Tax is a good example of a sensible third way for using AI to inform decision-making rather than deferring to it. AI tends to be better suited to narrow, rigidly-definable tasks than analysing softer situations and problems. One strength of artificial intelligence is its ability to process large amounts of data to identify, for example, outliers and other anomalies. In the case of tax, that may be irregularities in the data that point to potentially-fraudulent behaviour. These can then be flagged up for human scrutiny and final decision-making.
At Made Tech, we regularly deploy AI tools, the workings of which are understood and which can be clearly explained. We use these to help clients with activities like topic modelling, sentiment analysis and predictive forecasting.
Ultimately, government deals with real people with real problems that algorithms can’t hope to fully grasp. Before deferring decisions to AI, it’s important to grasp what tasks AIs are adept at handling – and which they aren’t.
In some cases, the “intelligence” behind language models funnels down to a human being reading and labelling your inputs. This person could theoretically be anyone anywhere in the world.
Using humans to sort and label data isn’t a new phenomenon. The Mechanical Turk has long been a service offered by Amazon. This is a service that lets you outsource tasks to people around the world.
“The computer has a task that is easy for a human but extraordinarily hard for the computer,” Amazon founder Jeff Bezos explained to the New York Times back in 200716. “So instead of calling a computer service to perform the function, it calls a human…”
LLMs are taking a similar approach, and in some cases labour is outsourced to low-paid workers in developing countries. Sometimes this involves exploitative working practices, as reported in articles by Time17, Noema18 and MIT Technology Review19.
It’s also important to understand that LLMs themselves don’t have a concept of right or wrong. Here again, it’s useful to understand how LLMs operate. When they generate text, they’re not making smart choices – they’re simply weighing up the probability of what word is most likely to come next in a string of text based on the wealth of information published online.

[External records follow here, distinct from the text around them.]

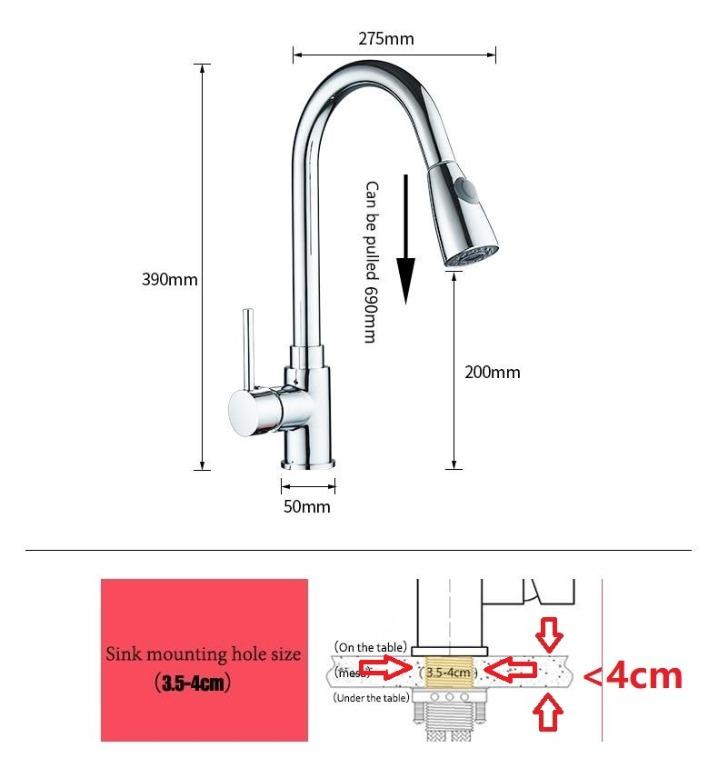 Single Level Pull Out Kitchen Sink Tap 304 Stainless Steel Kitchen Faucet With Pull Down Shower Head Mixer Water Tap Furniture Home Living Bathroom Kitchen Fixtures On Carousell
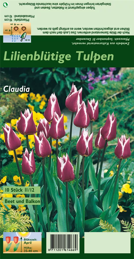 Welch eine Pracht, wenn die Lilienblütige Tulpe 'Claudia' ab April ihre herrlichen, violett-weißen Blüten hervorbringt! Das Besondere: sie verbreiten einen angenehmen Duft. Über den dunkelgrünen, linealen Blättern kommen die Blüten besonders gut zur Geltung. Wird Tulipa 'Claudia' an einen sonnigen Standort mit durchlässigem, lockerem und nährstoffreichem Boden gepflanzt, entwickelt sie sich besonders gut. Sie wächst aufrecht, schlank und erreicht Größen von 35 cm bis 40 cm bei einer Breite von 8 cm bis 10 cm. Sehr dekorativ macht sich die Lilienblütige Tulpe 'Claudia' auch in Kübeln oder Kästen.
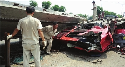 现场一名开吊车的师傅说:“这起事故本来是完全可以避免的,如果用绳索将预制板固定好,不管怎么刹车,预制板也不至于伤到车上的人噻!”

As I am sure you can imagine, consuming the entire internet is going to have a serious impact on anybody’s ability to distinguish reality from fiction. LLMs are no exception. LLMs are so well known for presenting completely made up information the phenomenon even has its own name: LLM hallucinations. In one example, a lawyer used case law and precedent generated by LLMs in court filings, only to find his citations didn’t exist20. In another incident, a radio host is now suing OpenAI for defamation based on false information generated by ChatGPT.21
As I mentioned previously, plagiarism is also a consideration. LLMs don’t create original content. When we asked ChatGPT to “compose” a zen koan, it offered up “what is the sound of one hand clapping?” – the most well-known koan in its most common English translation. It doesn’t matter what verb you issue as a command – all ChatGPT can do is assemble sentences hashed together based on things already written.
At the very least, it’s highly recommended to run any outputs from an LLM through a plagiarism checker. Grammarly has a free plagiarism checking tool you can use in a browser.

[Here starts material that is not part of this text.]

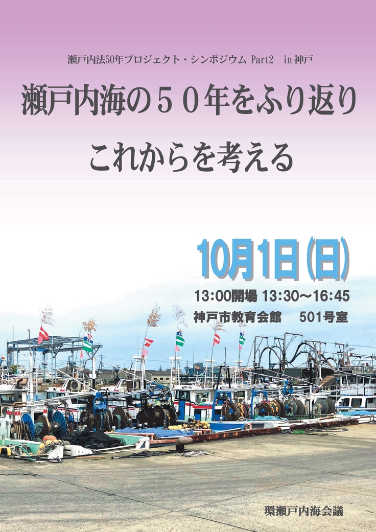 1973年10月2日に「瀬戸内海環境保全臨時措置法」(現在は「特別措置法」、通称「瀬戸内法」)が制定されて50年、瀬戸内海をめぐる状況はどのように変化し、どのような施策や対策がとられてきたのか、漁協への聞き取り調査や自治体の調査をふまえて、未来への展望を語り合うというのがこのシンポジウムの目的でした。
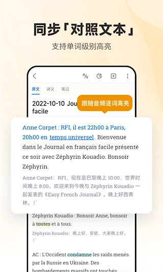 每日法语听力APP是一个专业的法语学习应用,拥有丰富的法语听力资源,涵盖基础课程到专业领域内容,提供各式各样的听力训练素材,提供了文本对照功能,实现听力材料与文字的双向验证,智能跟读功能会自动生成语音分析报告,帮助了解发音问题,及时纠正,高效学习。还提供了定时复习功能基于记忆曲线算法,提升记忆效率和时长。

It’s worth noting that this extends beyond blog posts and academic papers – it’s also true for code. This can risk introducing vulnerabilities and other bugs into your software.22
This also extends beyond LLMs to image-generation AIs. We’re beginning to see class-action lawsuits against AI image generators on the premise that they can’t help but plagiarise the source material on which they’re trained, with artists’ work going uncredited23. Few if any precedents around AI and copyright law exist, so again, caution is needed.
Weighing up the options
It’s worth repeating here that we’re talking about one kind of AI which, at the moment, is largely available through third-party companies.
Broadly, though there are so many unknowns (including unknown unknowns) about how AI will affect society, what we can be certain of is that it will – and significantly. But right now, whether to use third-party LLMs – and how – is a question every organisation needs to engage with, and there’s no one right answer.
For organisations experimenting with the technology, there are 2 essential considerations. Be informed. Be careful. The conclusion that, in their current form, third-party LLMs are not suitable for public sector use is a perfectly valid conclusion. Of course this is not to say that AI doesn’t have huge scope to transform the way government is done, as the government has itself identified with an initial £100 million investment into a taskforce to help the UK develop next-generation safe AI.
But if your organisation wants to use LLMs, there are some less risky ways that could produce benefits, if you’re judicious about what you put in, and how you use what you get out. For example, if you’re creating non-sensitive copy for the public domain, you could try asking ChatGPT to rephrase longer sentences into more accessible English. But you should take the extra steps of checking that the output hasn’t changed its meaning, while also running the finished product through a plagiarism checker.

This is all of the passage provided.